Note that the median does not have the same problem that is shared by the mean when considering outliers in the data. In the previous two examples the largest value in the data set 23, 54, 44, 77, and 26 was first changed from 77 to 97, and then from 77 to 135. In each case the mean became larger to balance the increasing value of the largest data point. The median does not change when only the largest value is increased.
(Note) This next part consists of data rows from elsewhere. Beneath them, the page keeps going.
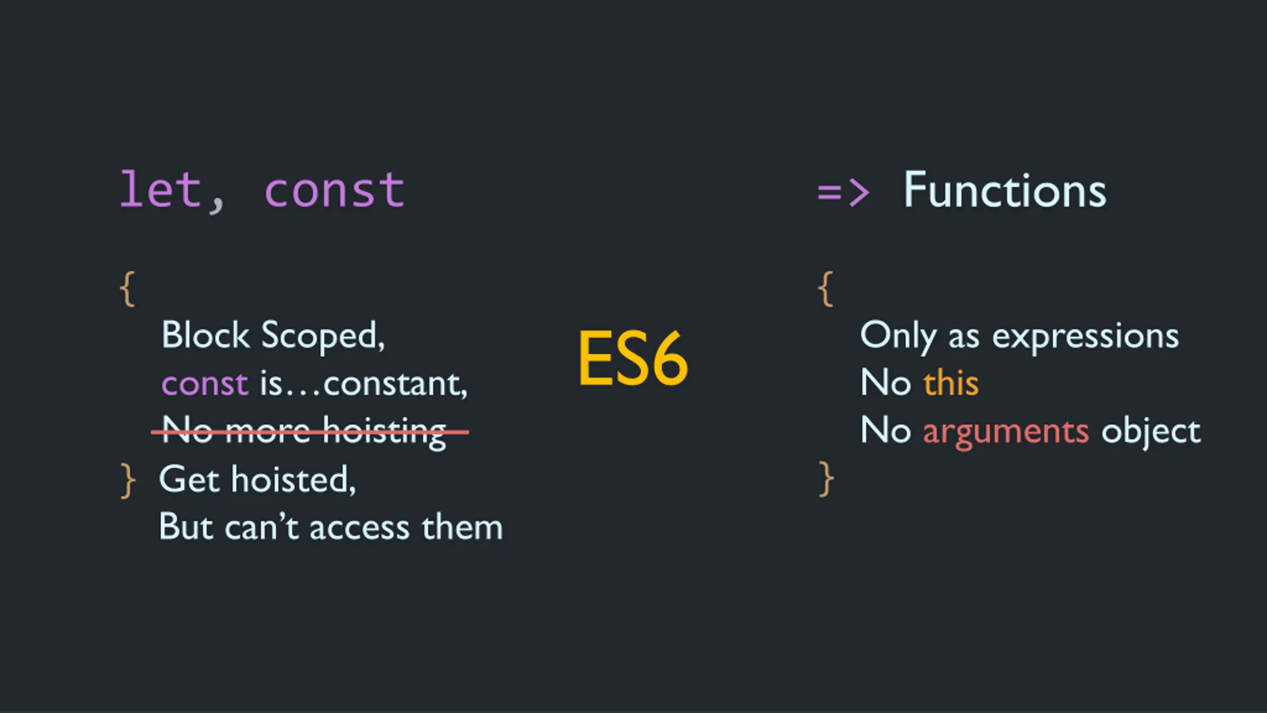 => Functions let, const { { Block Scoped, const is constant, No more hoisting } Get hoisted, But can t access them Only as expressions No this No arguments object ES6 }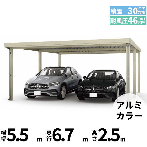 【商品のみ】カーポート 2台用 YKK YKKAP ジーポート Pro 900タイプ 横材なし 明かり取りなし 奥行延長柱6本 J55・12-55 H25 アルミ色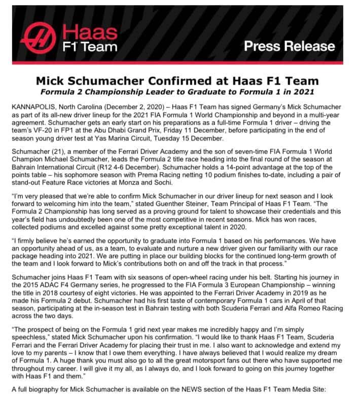 Schumacher viene ufficializzato all Haas il giorno dopo l'annuncio di Nikita Mazepin. Il tedesco e il russo arrivano così a rinnovare del tutto la coppia di piloti della squadra statunitese che nelle scorse settimane aveva già chiarito la fine del rapporto con Romain Grosjean e Kevin Magnussen.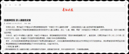 颠康的人道、博爱、奉献,这是颠康不断贯彻党十八大和国精准扶贫政策,而向党作出的庄严执行、而给予人民的健康承诺,受到社会各界人士的肯定、认可,以及媒体的关注追捧。2017年12月24日,贵阳晚报就我院荣获中国慈善高奖章“中国慈善人道服务奖章”事件进行大篇幅的报道,详细论述了我院为贵州人道主义事业作出的强力贡献。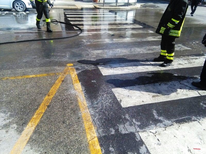 La Polizia locale ha chiuso il tratto di strada al traffico e provveduto ad un primo, parziale, soffocamento delle fiamme fino all'arrivo dei vigili del fuoco.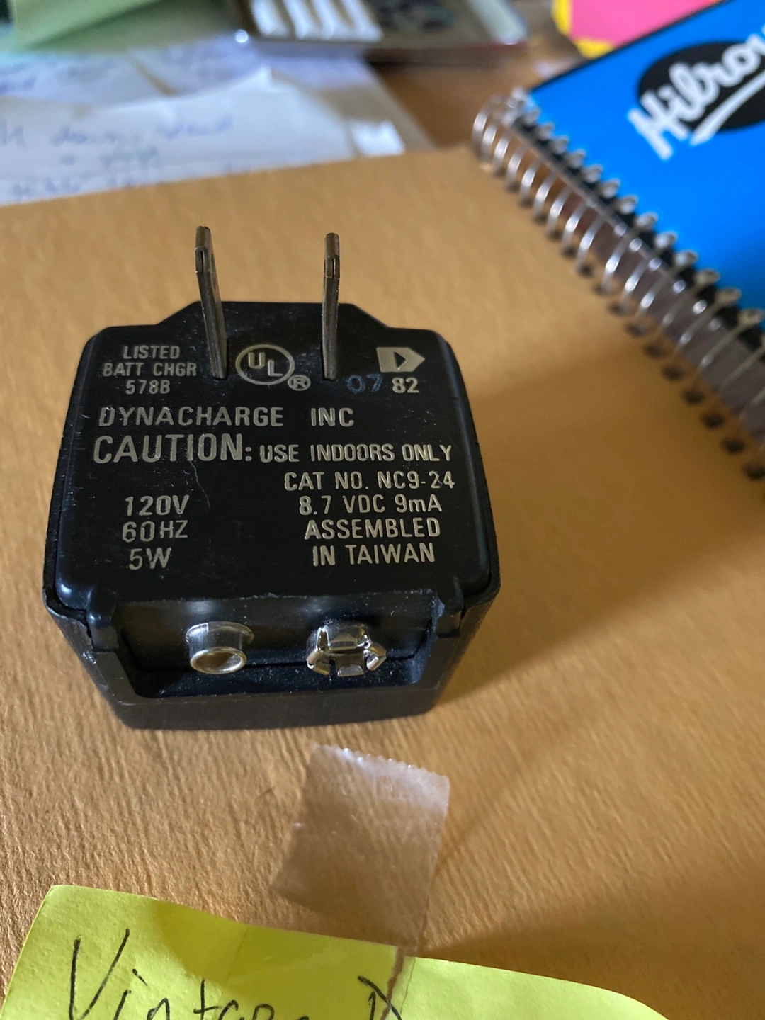 Selling a Dynacharge Inc 9V battery charger. It's marked with 'CAT NO. NC9-24' and '8.7 VDC 9mA'. It's designed for indoor use only and assembled in Taiwan (price compare 8.99) Moving Sale Pick up only
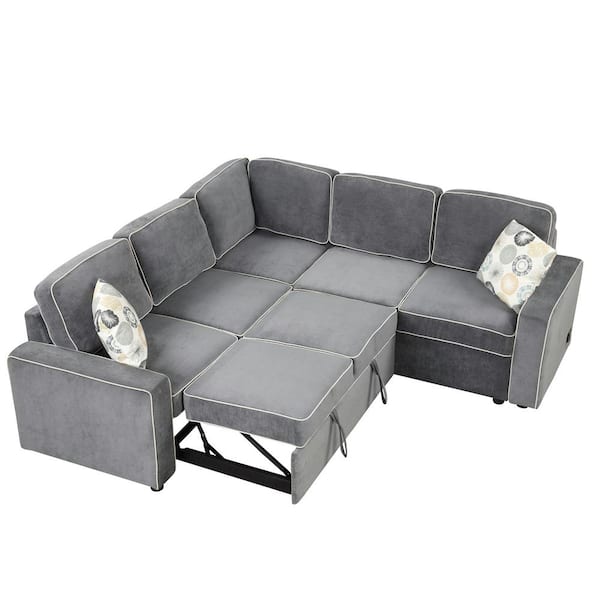 83 in. L Shaped Modern Linen Sectional Sofa Convertible Sleeper Sofa in Gray with USB Ports, Power Sockets and 3 Pillows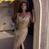 Experience the epitome of glamour and sophistication in this customizable prom dress. Contact us to discuss your color, fabric, and measurement preferences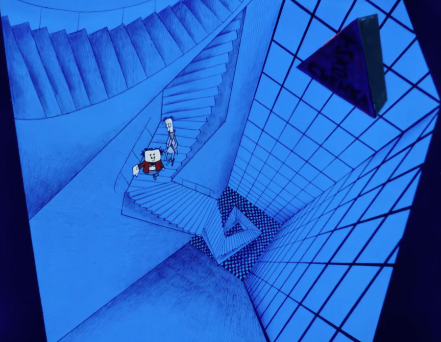 Сама студия здесь представлена как нечто «свыше», большое, странное и хаотичное пространство (вдохновлённое мирами М. С. Эшера), перед которым все должны стоять по струнке. Такие конструкции сосуществуют с остальным гипертрофированным миром.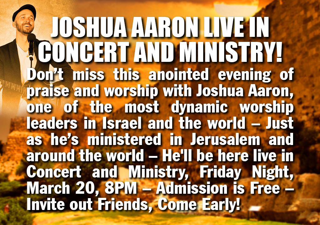 The Friday Night Pre-Service Prayer Meeting this Friday 7PM (to 7:50PM) In the Fireplace Room - Even if you come after 7PM you can join in. (Special Prayer Focus: Israel, America, revival, President Trump, protection for Rabbi Jonathan, Renata and family, BI, HOW, Compassion Projects, leaders, protection for the building, for the congregation, for the Holy Spirt to be poured out and for God’s power to be manifested- with the book Avatar going forth – also for power and protection against all attacks – and God’s purposes in America and the world. - Scripture focus- 2 Chronicles 7:14).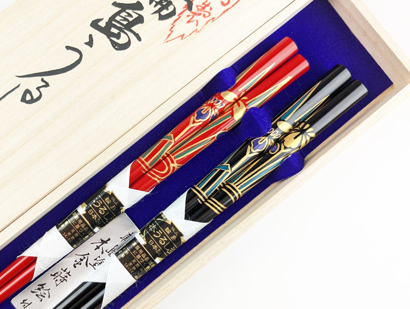 こちらは本金蒔絵であやめを施した夫婦箸の セットで、木箱にお入れしてのお届けとなります。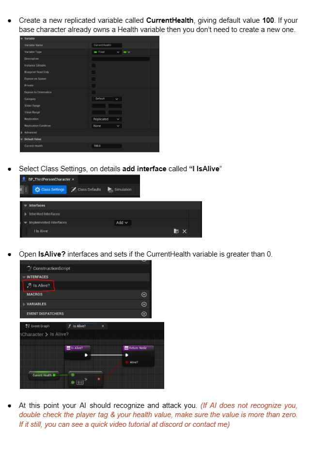 I don’t know where to post this info but here I go. If you’re having trouble doing melee damage to the AI from AIBehaviorToolkit, that’s due to the Collision on the CapsuleComponent. Here’s what you have to do to fix that.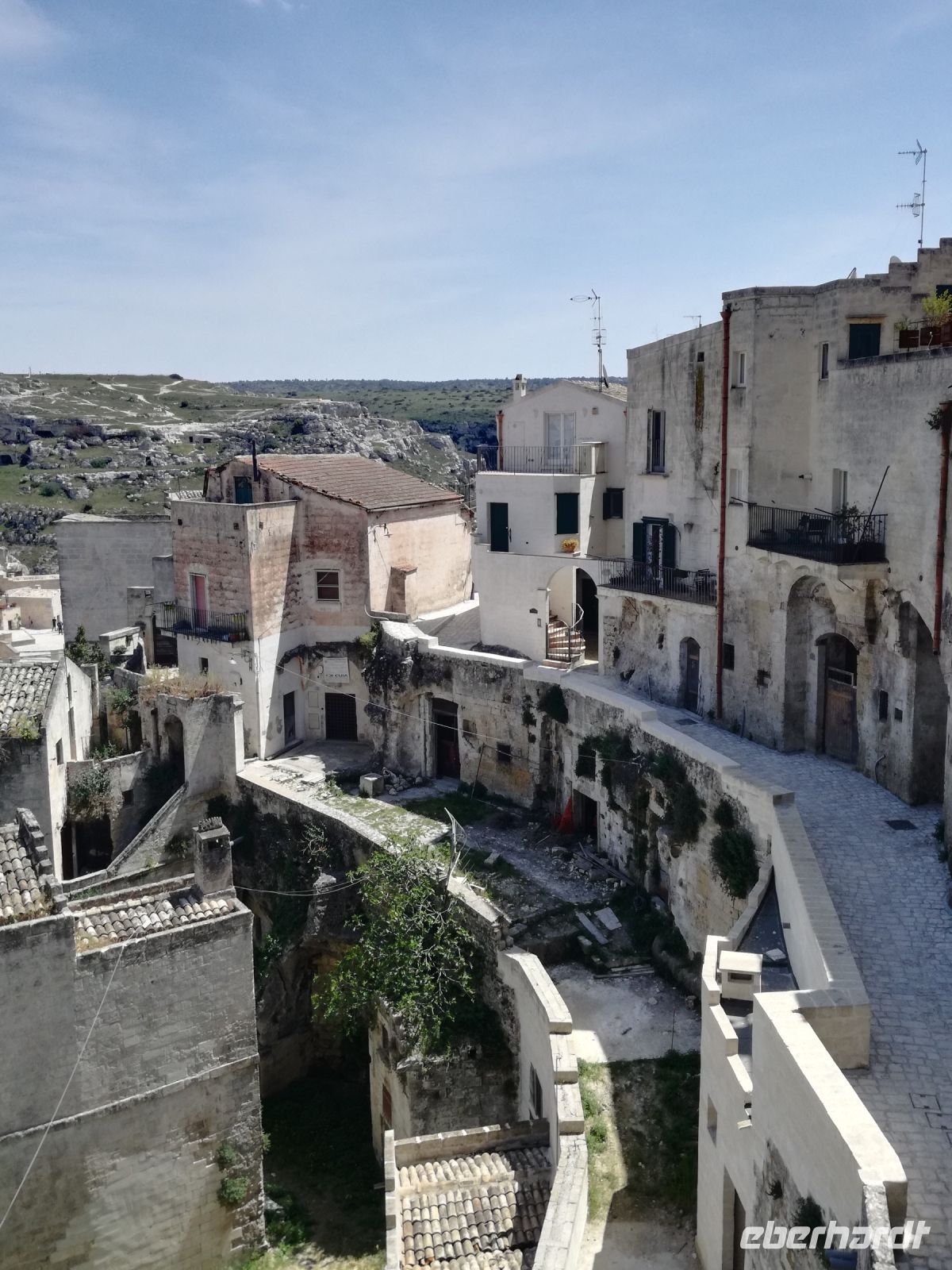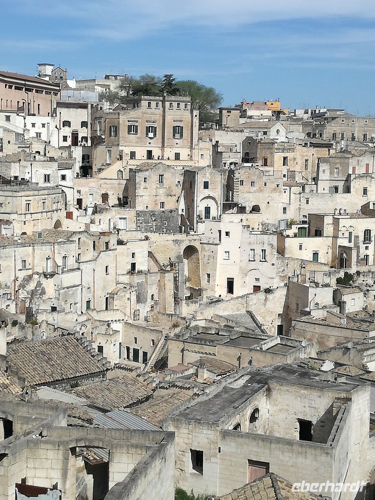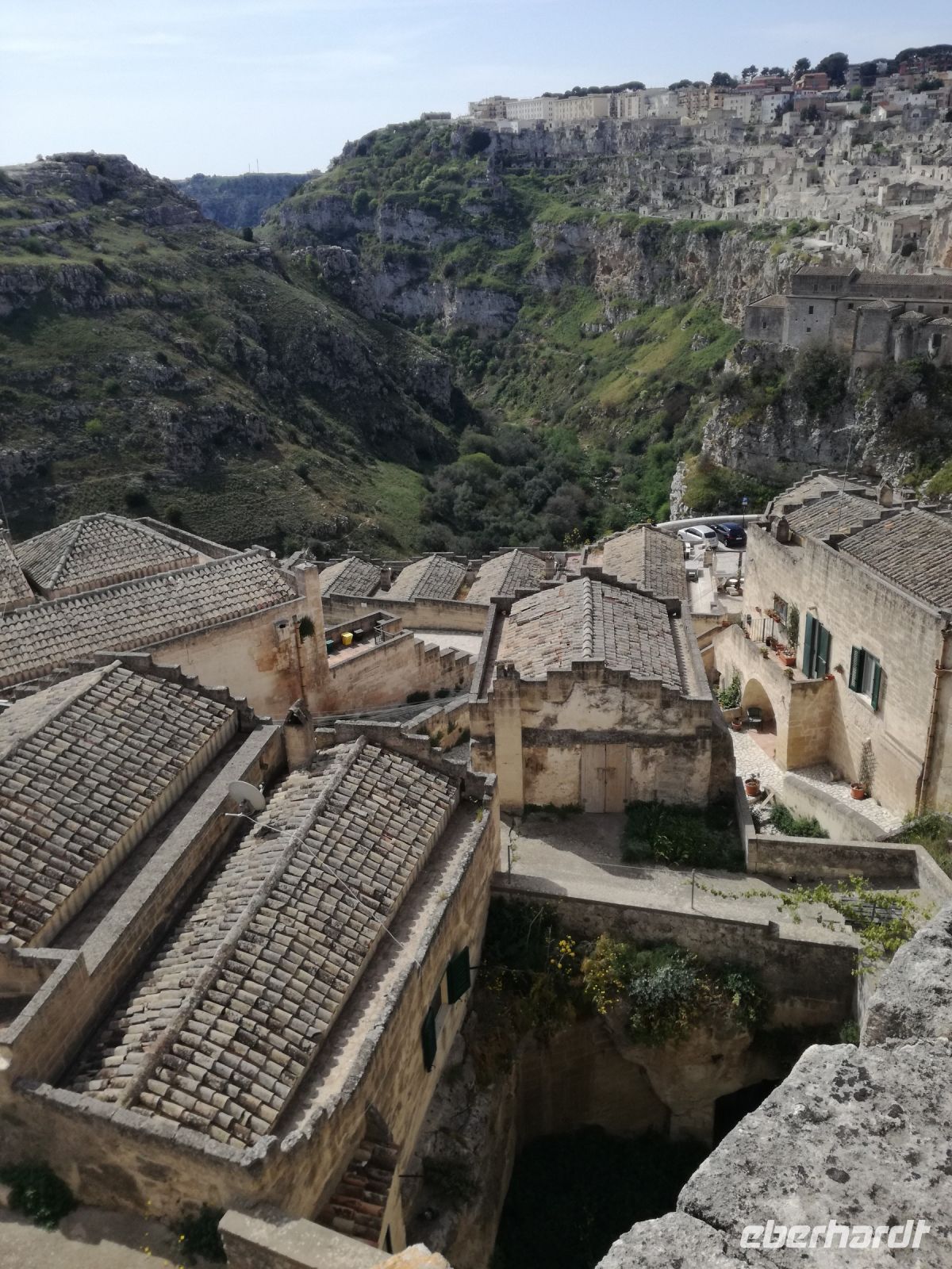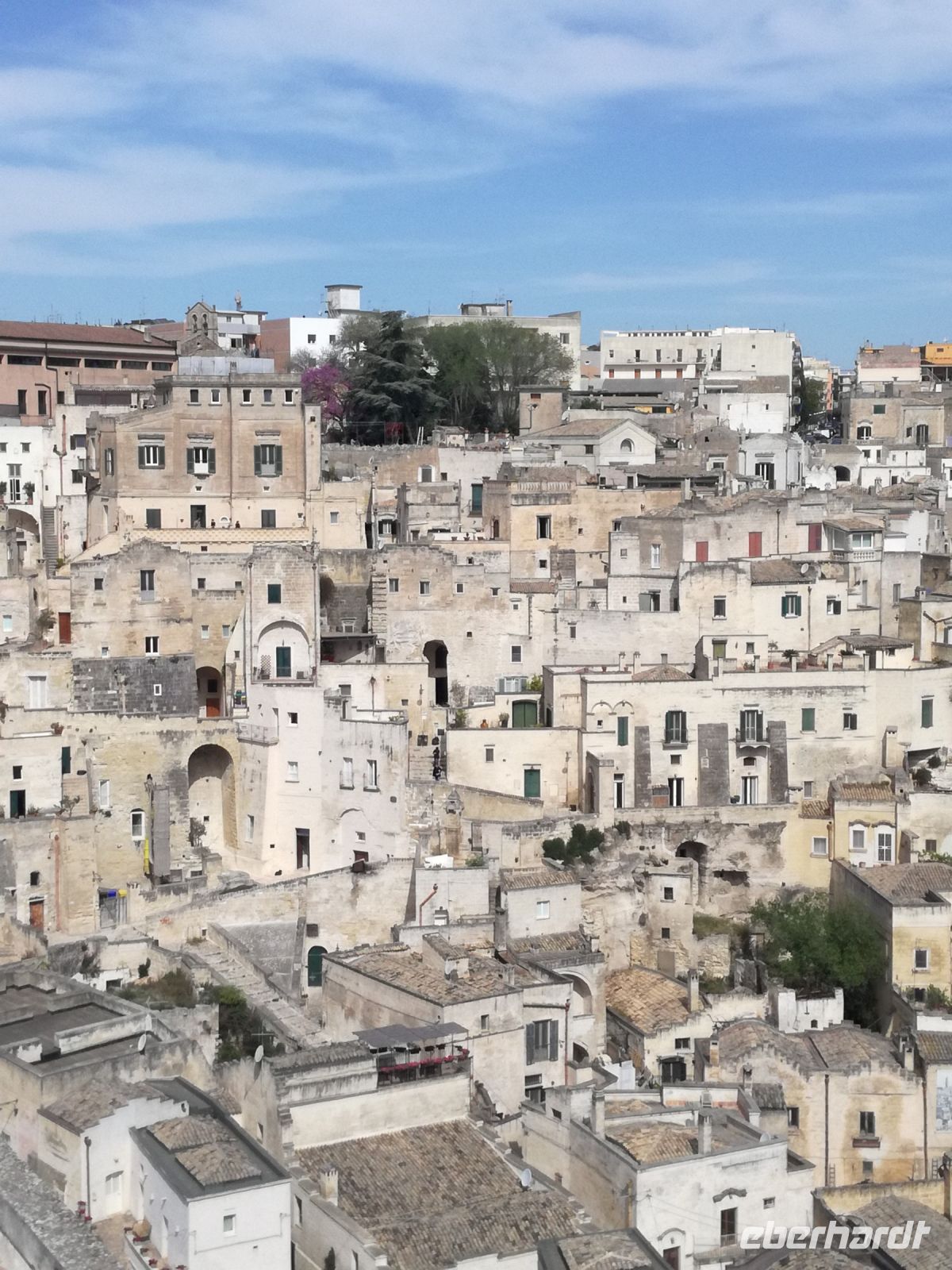 Schon die Anfahrt zu der auf Tuffstein gebauten Stadt bietet einen phantastischen Anblick. Matera ist die berühmteste Höhlenstadt der Welt und seit 1993 Weltkulturerbe. Im frühen Mittelalter wurden Höhlenbehausungen in die steilen Tuffsteinwände gehauen, in denen die Menschen seit Jahrhunderten lebten. Erst um 1950 räumte man die Wohnungen auf Grund unerträglicher hygienischer Zustände, denn sogar das Vieh lebte mit in den feuchten Wohnungen. Die Bewohner wurden in Sozialwohnungen umgesiedelt und die "Sassi" (Höhlenwohnungen) mehr oder weniger beschlagnahmt.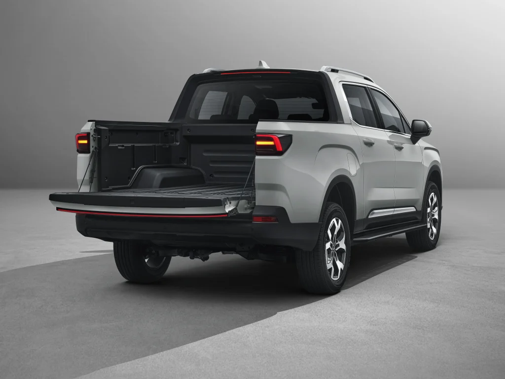 Entre sus atributos destaca también la carga bidireccional, que permite utilizar la camioneta como fuente de energía móvil, ideal para actividades al aire libre o situaciones de emergencia. En cuanto a dimensiones, mantiene las mismas proporciones de la variante eléctrica, con una capacidad de carga de 875 kg, despeje al suelo de 219 mm y neumáticos All Terrain de 18 pulgadas.

Suppose that we have five incomes (in thousands of dollars): 23, 54, 44, 97, and 26. Find the median.
Solution
To find the median income we first need to sort the data values from smallest to largest: 23, 26, 44, 54, and 97. Because there is an odd number of data points, the median will be the data point that divides the upper half of the data from the lower half. This point is 44 since there are exactly two data points less than 44 and exactly two data points above 44. Note that the value of the median for this example matches the median for the same set of data where 77 was used in place of 97.
Because the median is more resistant to outliers, it is often preferred to the mean when the data may have very large, or very small, data values compared to the bulk of the data. Salaries and income data are two instances where the median is often preferred over the mean because of the potential for such outliers. For the simulated salary data given in Table 9.3, the median is $30,000. This means that half of the employees earn more than $30,000 and half of the employees earn less than $30,000. For this data, this value is a more realistic view of the typical salary at the company.
If the mean has problems with outliers, why not always use the median instead of the mean? Indeed, the mean is the most common measure of location, and the reason for this has to do with some theoretical properties of the mean that are beyond the scope of this book. What you need to know is that if a set of data is generally well behaved, the mean is a much better choice and has many theoretical properties that support its preference. In many of these cases the two measures will be close to one another. If there are outliers in the data, and under some additional conditions that will be discussed later, the median may be used in its place. You may find that some studies report both measures.
Are there other ways to measure the location of a set of data? Statisticians have developed many other methods for measuring the location of a set of data, and some of these have very impressive theoretical properties. The usual problem with these methods is that they can be complicated to compute and knowing when to use them is not always clear. For these reasons, the use of alternative measures is quite rare and familiarity with these methods is usually not required. Indeed, none of the research in any of the studies we use in this book rely on any measure of location other than the mean or median.